Added by Acts 1993, 73rd Leg., ch. 353, Sec. 2, eff. Sept. 1,
1993.  Amended by Acts 1997, 75th Leg., ch. 1010, Sec. 6.21, eff.
Sept. 1, 1997.

Sec. 341.048.  Civil Enforcement.

         (a) A person may not cause, suffer, allow, or permit a
violation of this subchapter or a rule or order adopted under
this subchapter.

         (b) A person who causes, suffers, allows, or permits a
violation under this subchapter shall be assessed a civil penalty
of not less than $50 nor more than $1,000 for each violation. 
Each day of a continuing violation is a separate violation.

         (c) If it appears that a person has violated, is violating, or
threatens to violate a provision under this subchapter, the
commission, a county, or a municipality may institute a civil
suit in a district court for:

                       (1) injunctive relief to restrain the person from continuing
         the violation or threat of violation;

                       (2) the assessment and recovery of a civil penalty; or

                       (3) both injunctive relief and a civil penalty.

         (d) The commission is a necessary and indispensable party in a
suit brought by a county or municipality under this section.

         (e) On the commission's request, the attorney general shall
institute a suit in the name of the state for injunctive relief,
to recover a civil penalty, or for both injunctive relief and
civil penalty.

         (f) The suit may be brought in:

                       (1) Travis County;

                       (2) the county in which the defendant resides; or

                       (3) the county in which the violation or threat of violation
         occurs.

         (g) In a suit under this section to enjoin a violation or
threat of violation of this subchapter, the court shall grant the
state, county, or municipality, without bond or other
undertaking, any injunction that the facts may warrant including
temporary restraining orders, temporary injunctions after notice
and hearing, and permanent injunctions.

         (h) Civil penalties recovered in a suit brought under this
section by a county or municipality shall be equally divided
between:

                       (1) the state; and

                       (2) the county or municipality that first brought the suit.
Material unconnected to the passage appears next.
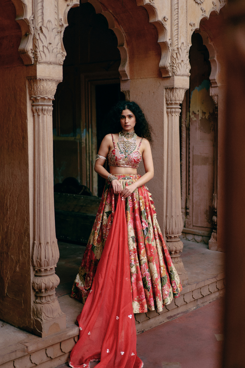 A red map printed lehenga set with a heavily hand-embroidery strappy blouse, and hand-embroidery print highlights on the lehenga. It is paired with a scallop embroidered dupatta.

Added by Acts 1993, 73rd Leg., ch. 353, Sec. 2, eff. Sept. 1,
1993.  Amended by Acts 1997, 75th Leg., ch. 1010, Sec. 6.22, eff.
Sept. 1, 1997.

Sec. 341.0485.  Water Utility Improvement Account.

         (a) The water utility improvement account is created outside of
the state treasury.

         (b) A civil or administrative penalty payable to the state that
is collected from a utility for a violation of this subchapter
shall be deposited in the account.

         (c) The comptroller shall manage the account for the benefit of
the commission and shall invest the money and deposit interest
and other investment proceeds in the account.  The comptroller
shall release money from the account in the manner provided by
the commission.  Money in the account may be used only for:

                       (1) capital improvements to the water or sewer system of a
         utility that has paid fines or penalties under this chapter or
         under Chapter 13, Water Code, that have been deposited in the
         account; or

                       (2) capital improvements and operating and maintenance
         expenses for a utility placed in receivership or under a
         temporary manager under Section 13.4132, Water Code.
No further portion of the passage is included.